Now, the call center nurse can triage COVID-19 patients directing them to “call 911,” “go to the ED,” “Go to Urgent Care,” “See their PCP,” or provide home care instructions (among other endpoints). Doing so can redirect numerous patients to less urgent care options before they arrive at the ED unnecessarily.
After completing the triage portion of the call, if appropriate, the nurse can pass the call to a non-clinical call center agent to share directions to the referred facility, hours of operation, information on where to park, rules regarding caregivers accompanying the patient, and so forth.
If the patient requires admission to the ED, through integration to the hospital’s EMR system, the call center agent can keep the caregiver advised of the patient’s progress. This way, the agent can text the caregivers to update the patient’s status and discharge plans. In addition, when appropriate, the agent could either fax, text, or send by secure message any follow-up instructions for the patient.
The next day, the nurse or agent should call the patient or caregiver to make sure the patient filled any prescriptions they received, scheduled a follow-up appointment with their PCP, and followed other discharge instructions. Not only does this engender tremendous goodwill, but it often can be all that is needed to keep the patient from returning to the ED.

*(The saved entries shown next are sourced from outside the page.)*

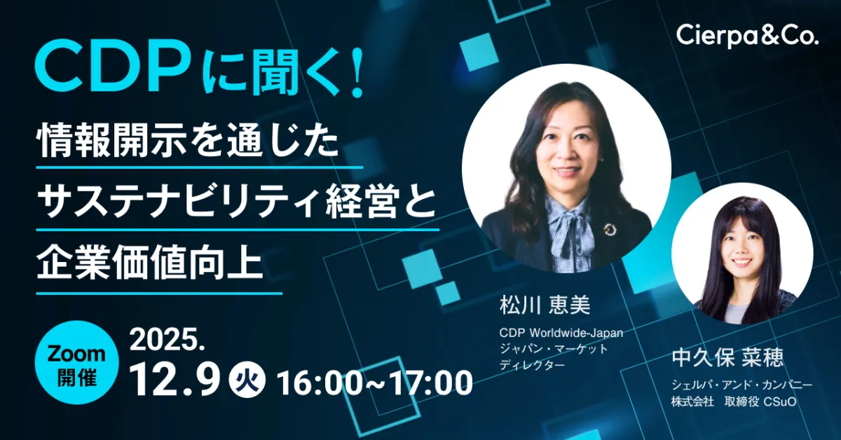 シェルパ・アンド・カンパニー株式会社は、2025年12月9日(火)に「CDPに聞く!情報開示を通じたサステナビリティ経営と企業価値向上」というテーマのウェビナーを開催します。このウェビナーは、一般社団法人CDP Worldwide-Japanから、ジャパンマーケットディレクターの松川恵美氏をお招きして、近年のCDPの動向や企業に求められるサステナビリティ情報開示についてのポイントを解説します。
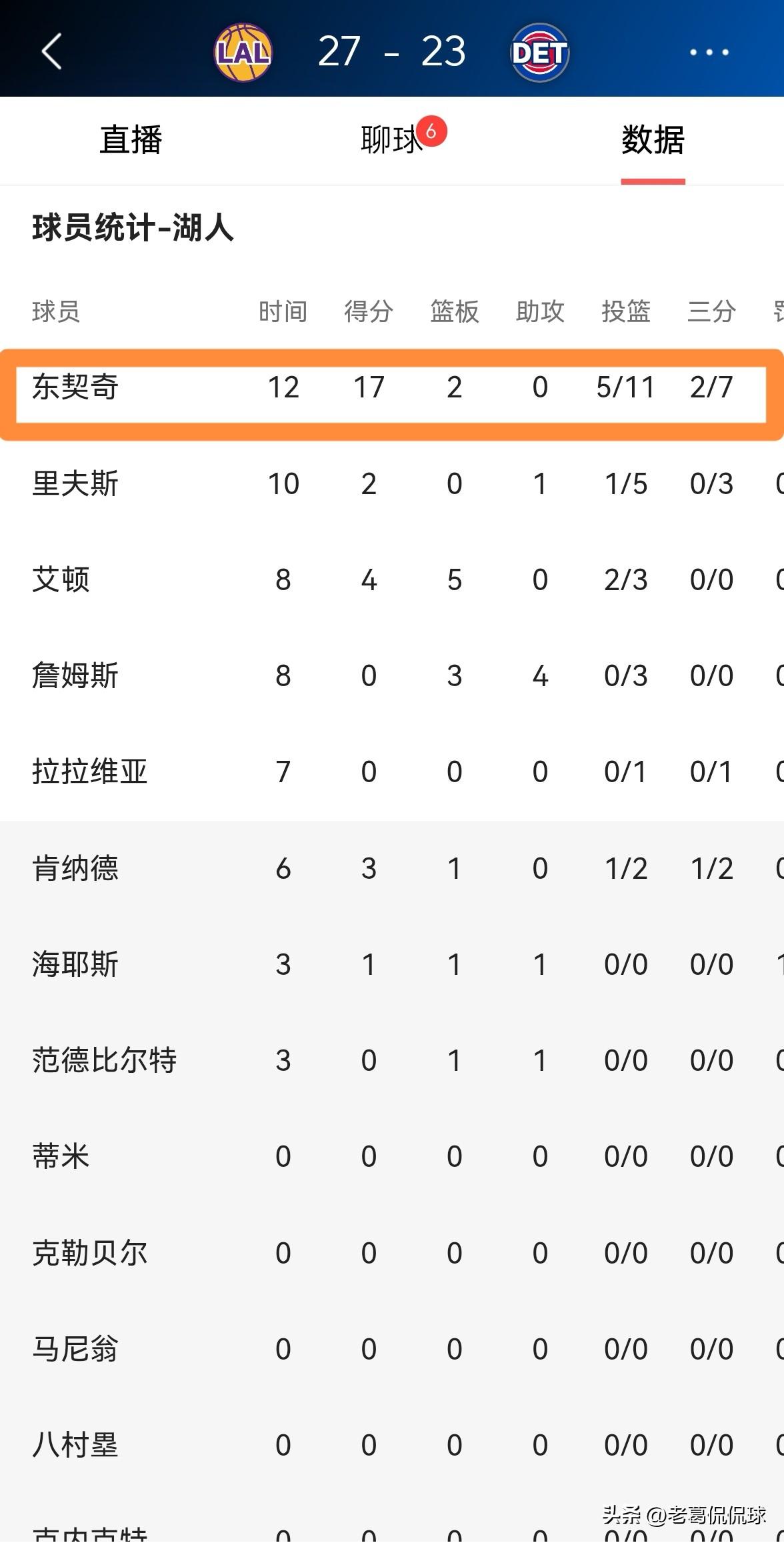 湖人当家球星东契奇真是太让队友尴尬了!在今天湖人客场挑战活塞的比赛中,目前双方的第一节比赛已经结束,湖人以27:23领先对手4分。值得一提的是,在第一节比赛中,东契奇大发神威,他在首发出战的12分钟里,投篮11中5,其中三分球7中2、罚球6中5狂轰17分,还有2篮板1抢断,他的场上正负值为+4。 湖人在第一节比赛中一共得到27分,而东契奇独得17分,也就是说湖人的其他上场球员合计得到10分,东契奇这个数据刷子真是太让自己的队友尴尬了。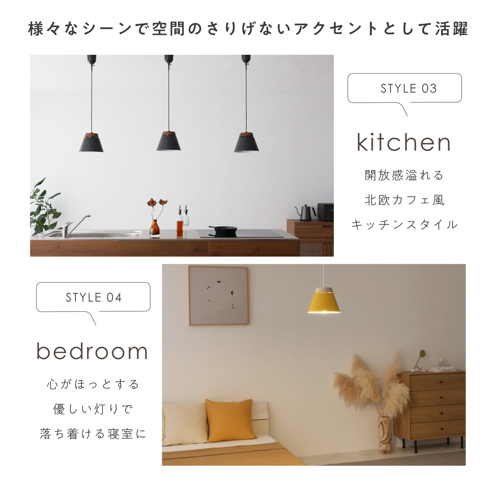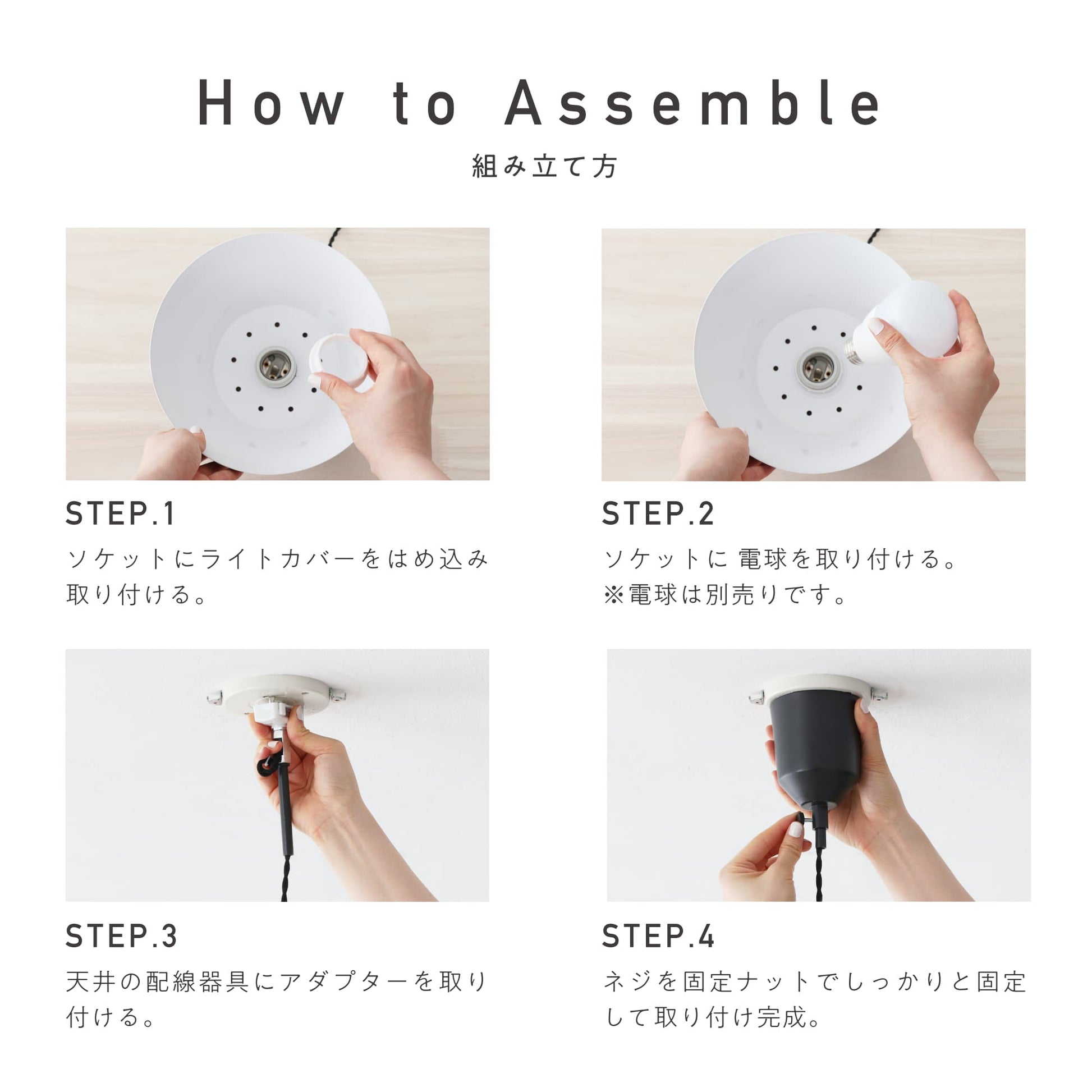 コードの長さは簡単に調節が可能。天井の高さやお好みに合わせて自由に設置できるので、最適な照明環境を実現。取り付けも簡単な4ステップで、気軽にお部屋の雰囲気を変えることも◎余ったコードをまとめられるクリップ付きで、見た目もすっきりと。
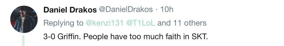 拳头解说Drakos:3-0,Griffin赢。大家对SKT的信心过多了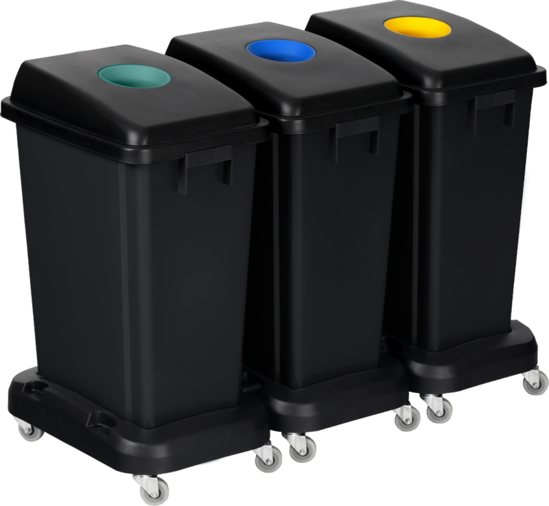 Lote de 3 contenedores de clasificación selectiva de 60L. Tapas de apertura redonda en colores verde, azul y amarillo. Carrito incluido para facilitar el traslado. Fabricado con 100% plástico reciclado.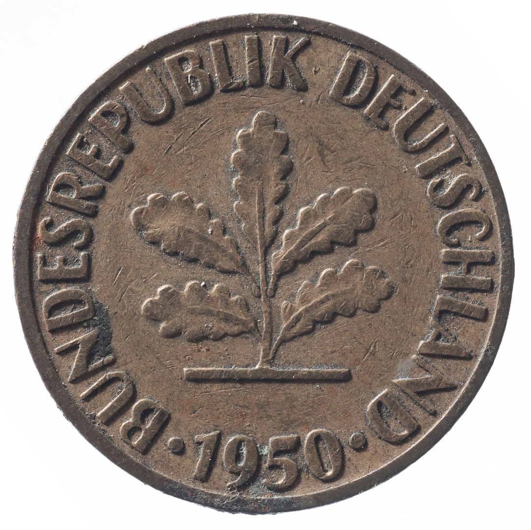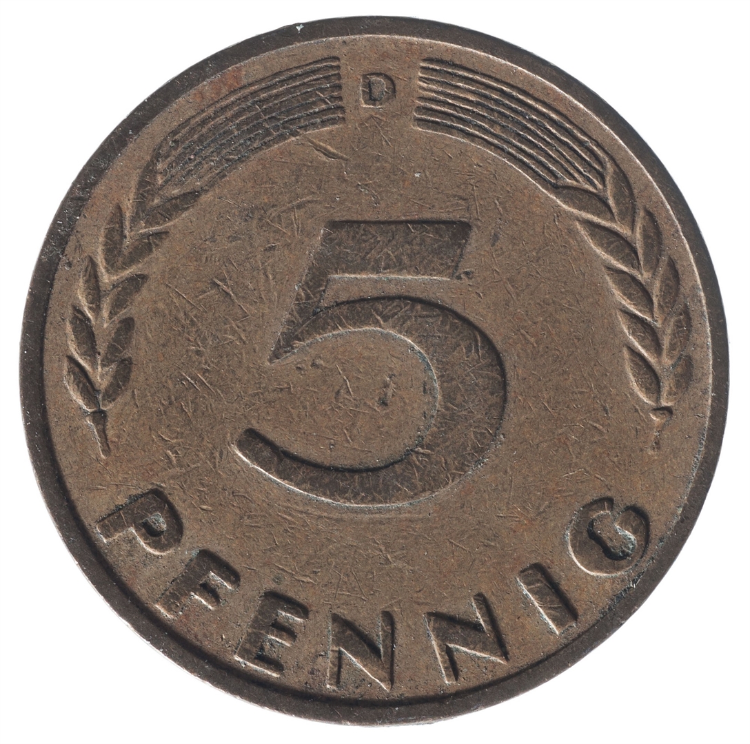 Avers: U sredini mladica hrasta s pet listova u vodoravnoj liniji. Uz rub ispisan tekst BUNDESREPUBLIK DEUTSCHLAND i godina 1950. Revers: U sredini broj 5. Na vrhu slovo D (oznaka kovnice), a uz donji rub riječ PFENNIG.

To provide an effective integrated solution, the call center must work across the healthcare delivery system. It needs to team not only with its ED but also with area hospitals, emergent and urgent care centers, wellness and preventive care facilities, PCPs, and other services often needed by patients seeking care post-ED. If so, by creating a network of healthcare providers willing to accept and treat patients within reasonable timeframes, call centers can build trust in patients, so they are confident in the information and resources provided.
Mark Dwyer is LVM Systems’ chief operations officer. He has more than a quarter century of experience in the healthcare call center industry.